Tüm bunların yanında tamamen öğrendiğim tek bir şey var. Hayat bir yolculuk. Anne karnında başlayan bu yolculukta önce ailemiz, sonra arkadaşlarımız, dostlarımız, sonra aşkımız eşimiz, sonra çocuklarımız katılıyor bize. Biz bu yolculuktaki yolumuzu yürürken yolda bize katılanlar oluyor. Bazıları daha uzun kalıyor, bazıları kısa. Bazıları sadece bir selam verip gidiyor. Ama en nihayetinde herkes, zamanla yolculuğunuzun bir yerinde sizden ayrılıyor. Ve en nihayetinde de siz yolculuğunuzu tamamlayıp onlardan ayrılıyorsunuz. Sizin için geçerli olan bu durum hayatınıza giren herkes içinde geçerli. Siz de onların hayatında aynı role sahip oluyorsunuz o nedenledir ki; bir zamanlar hayatımdan çıkan her insan için günlerce bazen de aylarca sessiz bir yas dönemi geçirirdim. Nedenleri sorgulamak, yaşadığınız ayrılık acılarını hafifletiyor sanırım.

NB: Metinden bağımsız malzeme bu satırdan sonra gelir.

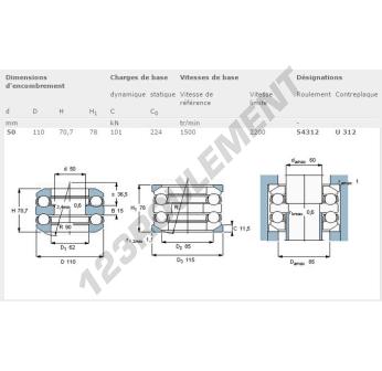 La Butée à Billes, connue sous la référence 54312-SKF, de la marque SKF, possède un diamètre intérieur de 50mm, un diamètre extérieur de 110mm et une épaisseur de 70.7mm.

Fakat artık hayatımdan eksilen ya da eksiltiğim herkes için, yolculuğumuzu tamamladığımızı düşünerek yüreğimden sessizce dökülen vedalar döküyorum. Hayat bir yolculuk, gelenler "Hoşgeldin", gidenler içinse "Güle Güle" demekten başka sağlıklı bir çözüm olduğunu düşünmüyorum. Buna olgunluk diyebilmekte mümkün. Sanırım genç yaşında ilerideki yaşlarındaki olgunluğu istemeyen yoktur. Ama hayat pişmalıklar olmadan ne kadar kendini diri tutabilirdi bilmiyorum. Her zaman haklı olduğunuz, hiç yanlış yapmadığınız, pişmanlıklarınızın olmadığı, dosdoğru bir hayat hangi yaşanmışlıkları kendinde barındırır. Bu tartışma konusu. Gençlikte, orta yaşta, ileri yaşlılıkta yaşanmışlıklarımızın olması ve hayatın güzel sürprizlerini bizlere getirmesi için iyi dileklerde bulunmak için geç değil.